▸ **Instructions to follow**: Pull every line containing "Indo" from the entries.

▸ **The data**:
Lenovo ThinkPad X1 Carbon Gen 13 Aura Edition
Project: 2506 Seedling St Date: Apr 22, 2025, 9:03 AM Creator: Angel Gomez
--
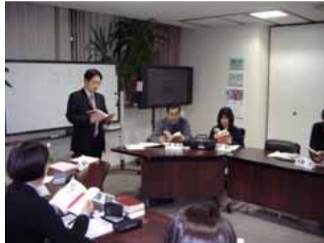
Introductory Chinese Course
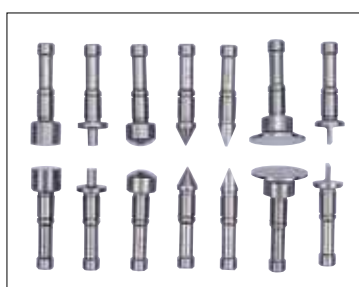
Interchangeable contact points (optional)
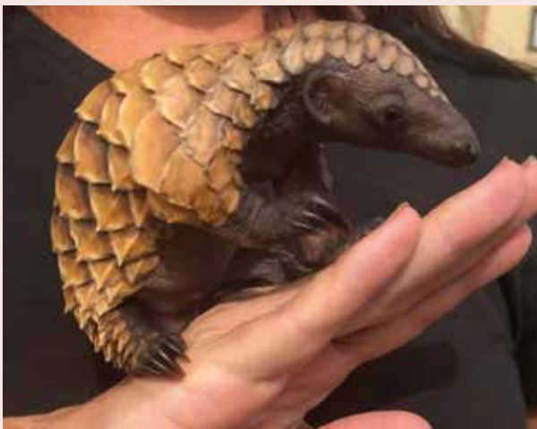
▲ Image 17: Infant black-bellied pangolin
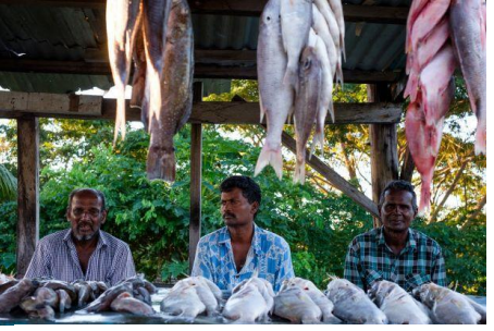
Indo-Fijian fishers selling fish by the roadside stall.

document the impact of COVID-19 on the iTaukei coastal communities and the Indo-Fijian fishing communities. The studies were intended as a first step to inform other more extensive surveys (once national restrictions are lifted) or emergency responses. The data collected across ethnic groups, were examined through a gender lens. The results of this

▸ **Written solution**:
Indo-Fijian fishers selling fish by the roadside stall.
document the impact of COVID-19 on the iTaukei coastal communities and the Indo-Fijian fishing communities. The studies were intended as a first step to inform other more extensive surveys (once national restrictions are lifted) or emergency responses. The data collected across ethnic groups, were examined through a gender lens. The results of this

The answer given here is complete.